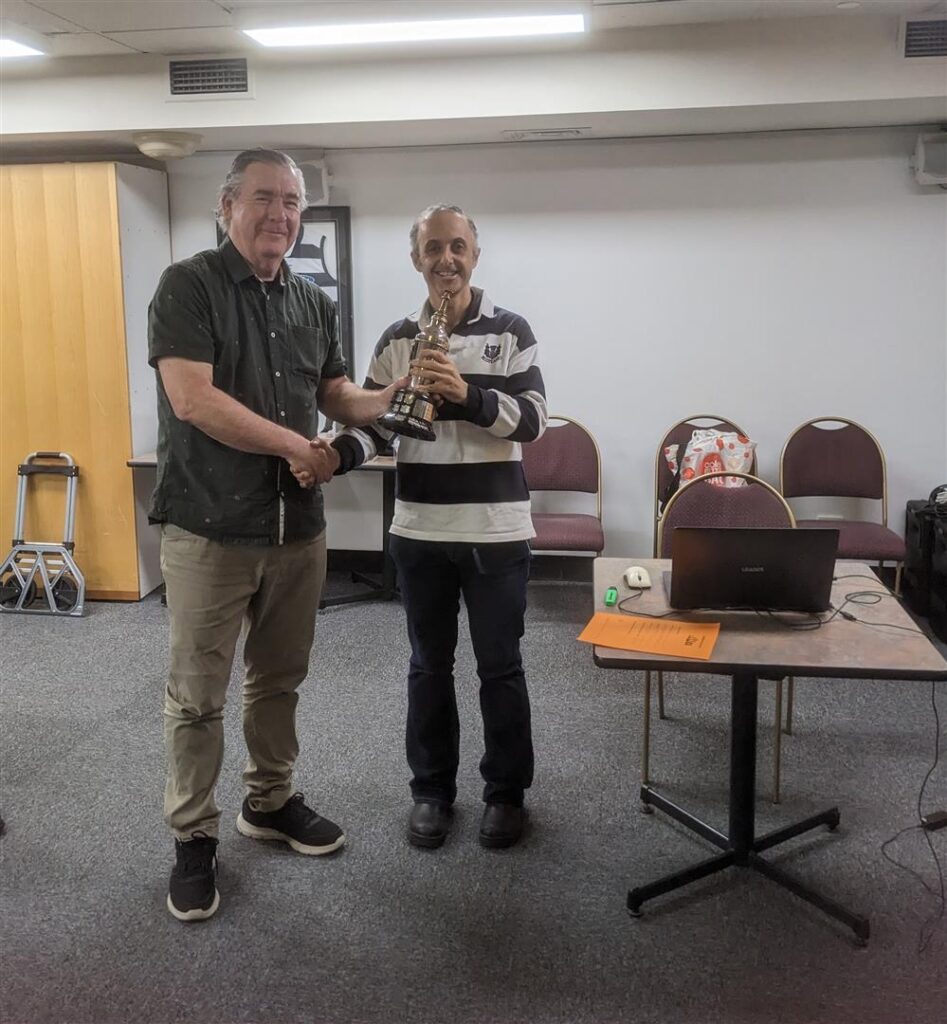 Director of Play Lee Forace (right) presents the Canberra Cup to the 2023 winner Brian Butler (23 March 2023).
★ ★ ★ ★
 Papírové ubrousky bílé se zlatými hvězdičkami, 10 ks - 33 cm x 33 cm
★ ★ ★ ★
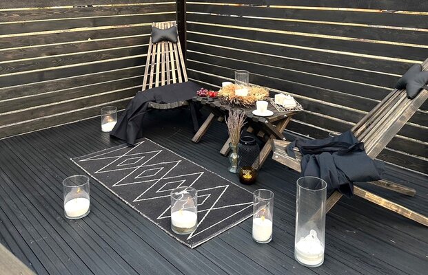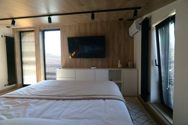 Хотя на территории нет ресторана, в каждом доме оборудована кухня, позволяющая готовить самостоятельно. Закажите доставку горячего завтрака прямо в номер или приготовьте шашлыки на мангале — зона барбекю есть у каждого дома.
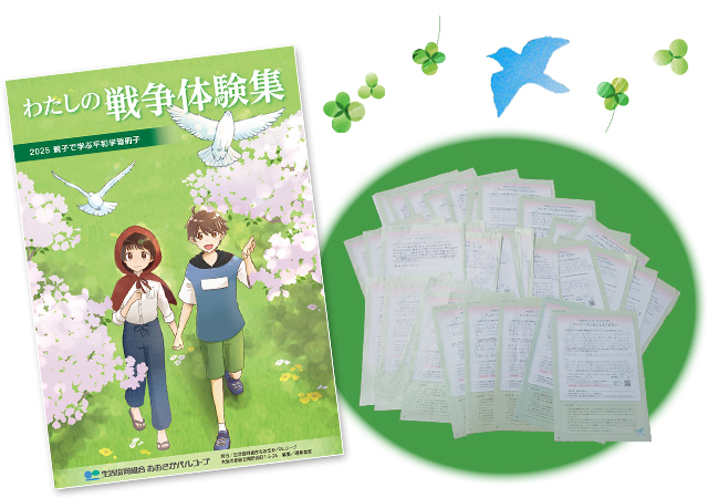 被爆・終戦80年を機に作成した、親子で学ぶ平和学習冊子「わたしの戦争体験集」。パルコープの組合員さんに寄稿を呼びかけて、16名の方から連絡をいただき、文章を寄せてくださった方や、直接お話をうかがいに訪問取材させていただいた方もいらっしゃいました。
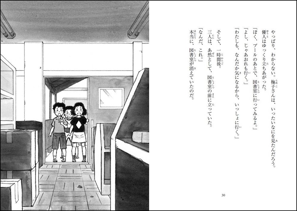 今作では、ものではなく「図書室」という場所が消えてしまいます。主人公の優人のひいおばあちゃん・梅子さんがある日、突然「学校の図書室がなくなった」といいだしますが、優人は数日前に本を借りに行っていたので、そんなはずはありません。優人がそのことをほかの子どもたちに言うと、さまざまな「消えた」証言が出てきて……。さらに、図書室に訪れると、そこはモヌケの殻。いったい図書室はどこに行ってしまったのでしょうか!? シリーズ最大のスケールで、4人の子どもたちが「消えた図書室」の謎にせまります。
★ ★ ★ ★
Starting at the line above that contains "Хотя на территории", transcribe every line exactly through the line that contains "今作では、ものではなく「図書", including that last one, and skip the pictures.

SOLUTION:
 Хотя на территории нет ресторана, в каждом доме оборудована кухня, позволяющая готовить самостоятельно. Закажите доставку горячего завтрака прямо в номер или приготовьте шашлыки на мангале — зона барбекю есть у каждого дома.
 被爆・終戦80年を機に作成した、親子で学ぶ平和学習冊子「わたしの戦争体験集」。パルコープの組合員さんに寄稿を呼びかけて、16名の方から連絡をいただき、文章を寄せてくださった方や、直接お話をうかがいに訪問取材させていただいた方もいらっしゃいました。
 今作では、ものではなく「図書室」という場所が消えてしまいます。主人公の優人のひいおばあちゃん・梅子さんがある日、突然「学校の図書室がなくなった」といいだしますが、優人は数日前に本を借りに行っていたので、そんなはずはありません。優人がそのことをほかの子どもたちに言うと、さまざまな「消えた」証言が出てきて……。さらに、図書室に訪れると、そこはモヌケの殻。いったい図書室はどこに行ってしまったのでしょうか!? シリーズ最大のスケールで、4人の子どもたちが「消えた図書室」の謎にせまります。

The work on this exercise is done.